TASK DETAILS — The result should be the lines from the one holding "Os professores Larissa" to the end of the records below, repeated exactly. No pictures.

THE DATA —
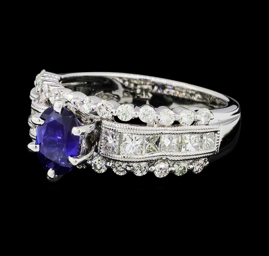One electronically tested 14KT white gold lady's cast fashion ring with a scalloped cathedral shank with a bright polish with milgrain detailing finish. The featured lady's ring has a shank measuring 3.58 millimeters wide. Identified with markings of '14K'. Condition is new, good workmanship. Containing: One prong set oval modified mixed cut natural blue sapphire, measuring 6.95 x 5.02 x 3.26mm, (depth est.) approximate weight of 0.97ct., clarity is moderately included, medium dark, very slightly grayish, blue color, (GIA B 6/3), cut is good. Transmitting light somewhat diffusely, transparent to translucent. Colored gemstones are presumed to have been subjected to commonly used enhancement processes. Graded in the setting. Twelve channel set princess cut diamonds, measuring 2.40 x 2.10 x 1.58mm (depth est.) approximate total weight of 12 Stones = 0.78ct. Graded in the setting. Color H - I Clarity SI-1 to SI-2 Cut Very Good Twenty-Six prong set round brilliant cut diamonds, measuring 1.80 - 1.70 x 1.09mm (depth est.) approximate total weight of 26 Stones = 0.52ct. Graded in the setting. Color G - H Clarity VS-2 to SI-1 Cut Very Good. Total Weight of Colored Stones 0.97ct.. Total Weight of Diamonds 1.30ct.. Total Weight of Ring 5.70gm GAS Appraised at $5090.00. GAS Appraised at $5,090.00.
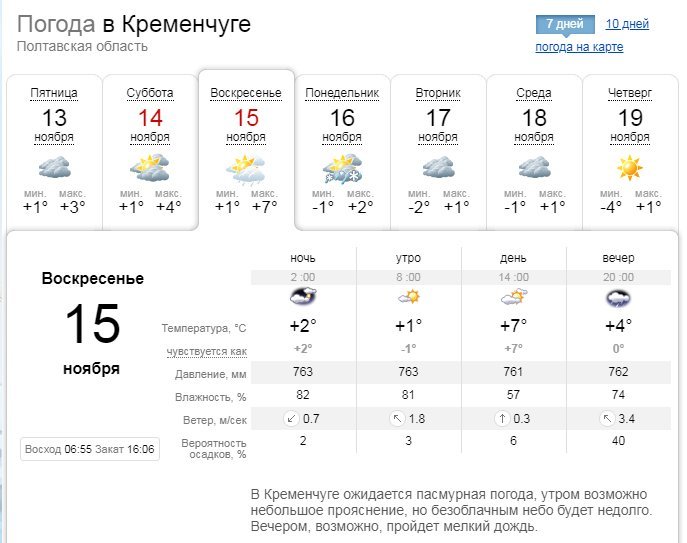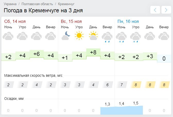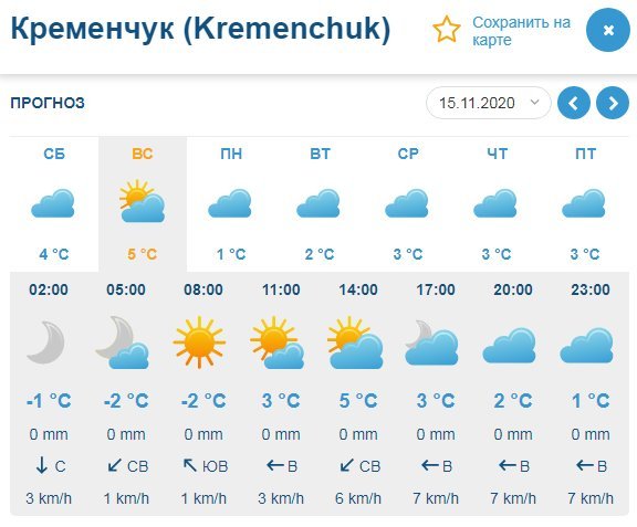 А вот прогноз Ventusky отличается: этот погодный портал не сообщает об осадках в ближайшие дни, зато предупреждает о возможных заморозках утром в воскресенье, 15 ноября, – температура может упасть до -2°С. В целом температурный режим на уикенд составит от минимальных +1°С до максимальных +5°С.
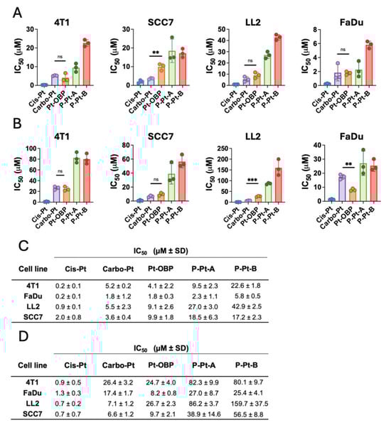 Pt-OBP shows higher or comparable cytostatic and cytotoxic activity in vitro to Carbo-Pt. Cytostatic (A) and cytotoxic (B) activities of Pt-OBP and its polymeric conjugates P-Pt-A and P-Pt-B determined using [3H]-thymidine incorporation and MTT assay, respectively, in 4T1, SCC7, LL2 and FaDu cell lines after 72 h of incubation. Cis-Pt and Carbo-Pt were used as reference substances. Results are shown as IC50 values with SD. Each experimental point represents IC50 value obtained in an independent experiment. Three independent experiments were performed. (C,D) Summary table of IC50 values ± SD. Statistical analysis was carried out using unpaired two-tailed Student’s t-test. Significant differences are shown (“ns” represents no significant difference; ** p ≤ 0.01, *** p ≤ 0.001).
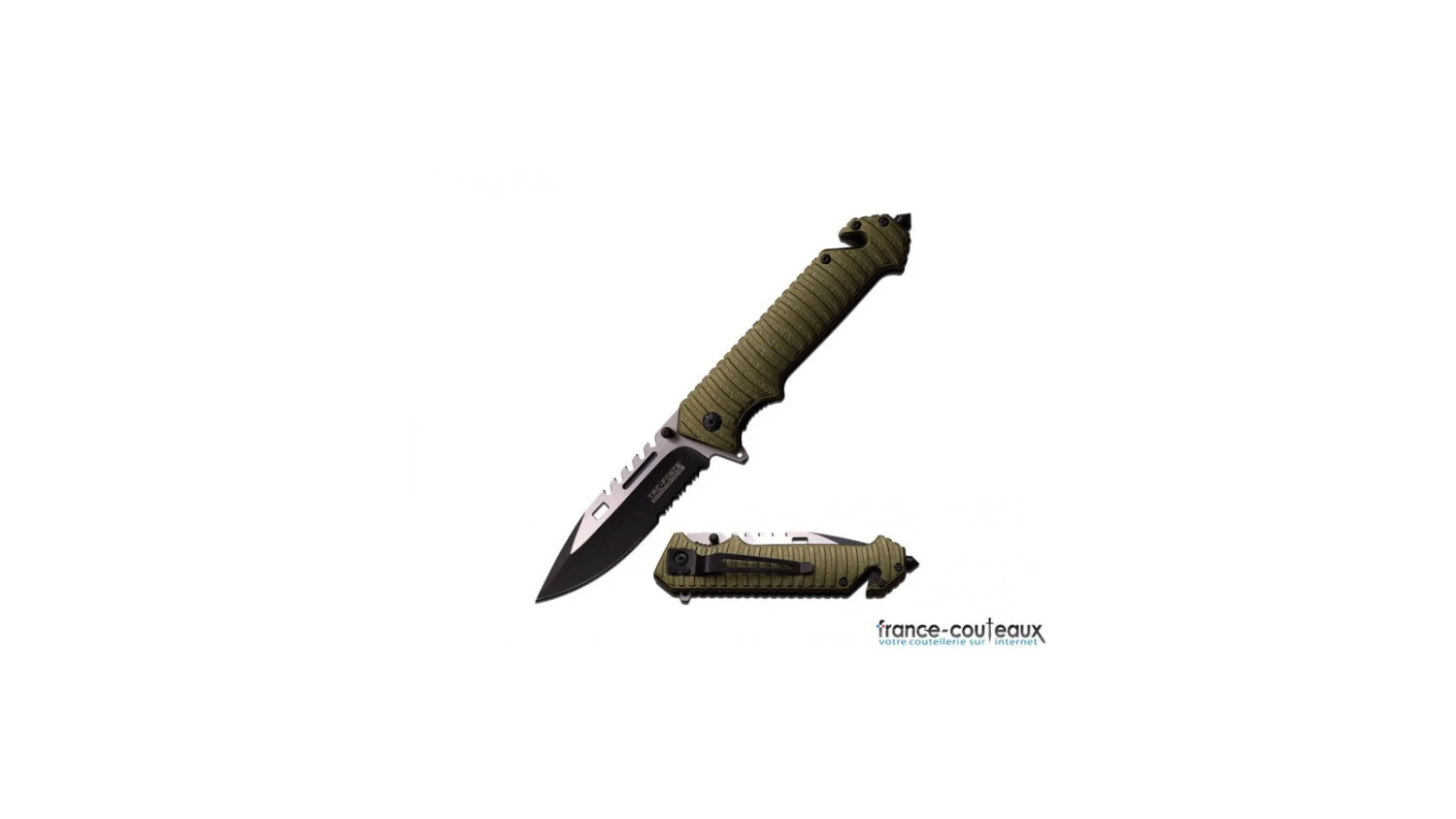 Le manche du couteau TAC Force est doté d’un brise-vitre en forme de diamant, offrant une grande résistance pour briser facilement les vitres latérales de véhicules en cas d’urgence. De plus, il est équipé d’un coupe-ceinture intégré, permettant de couper rapidement et efficacement les ceintures de sécurité.
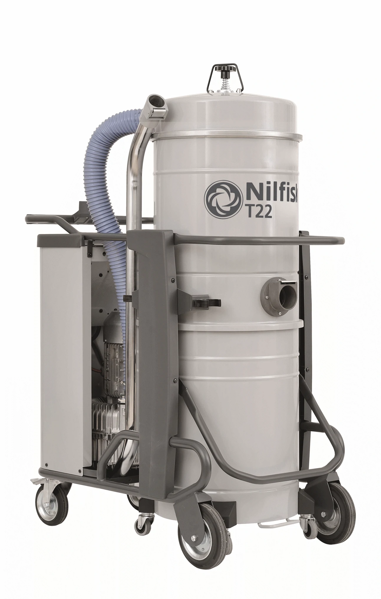 Le modèle Nilfisk T22 est un aspirateur industriel pour liquides et solides. Il est disponible avec une cuve de 50 ou 100 litres ou avec le système Longopac pour vidange directe dans un sac (GU). Egalement disponibles en option filtre absolu HEPA, Filtre catégorie "M", plaque cyclonique...
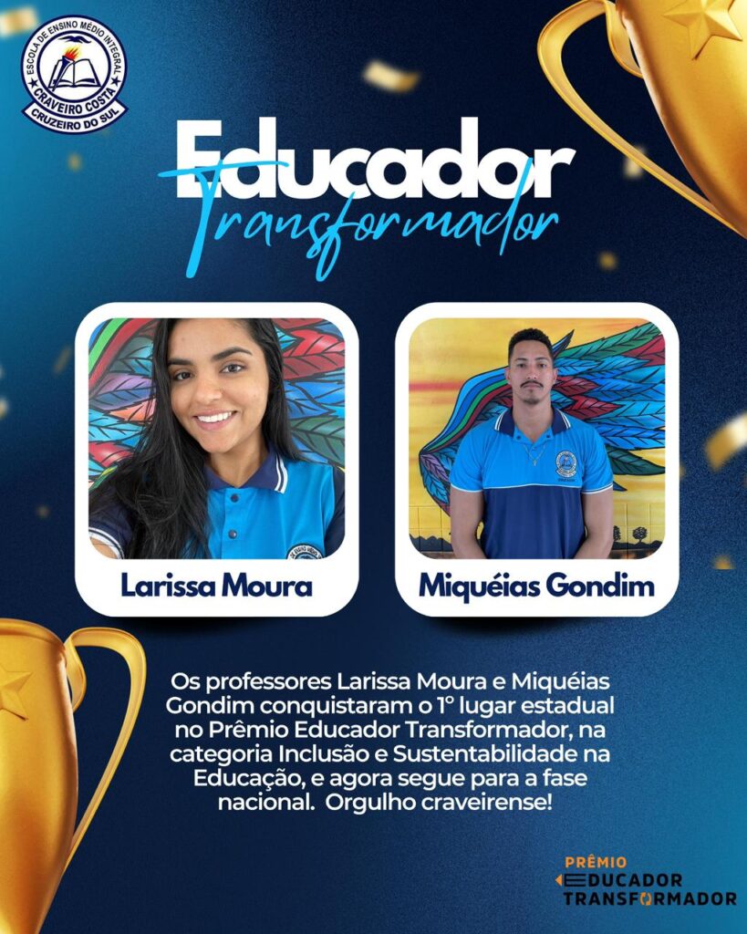 Os professores Larissa Moura e Miquéias Gondim, da Escola Estadual de Ensino Integral Craveiro Costa, alcançaram o 1º lugar no Acre no Prêmio Educador Transformador, na categoria Inclusão Social e Sustentabilidade na Educação. A conquista coloca a escola de Cruzeiro do Sul em destaque no cenário educacional e garante aos educadores uma vaga na etapa nacional da premiação.
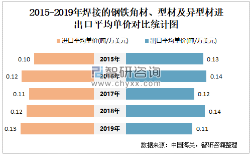 2015-2019年中国焊接的钢铁角材、型材及异型材进出口平均单价对比统计图

RESULT FOR THIS TASK —
 Os professores Larissa Moura e Miquéias Gondim, da Escola Estadual de Ensino Integral Craveiro Costa, alcançaram o 1º lugar no Acre no Prêmio Educador Transformador, na categoria Inclusão Social e Sustentabilidade na Educação. A conquista coloca a escola de Cruzeiro do Sul em destaque no cenário educacional e garante aos educadores uma vaga na etapa nacional da premiação.
 2015-2019年中国焊接的钢铁角材、型材及异型材进出口平均单价对比统计图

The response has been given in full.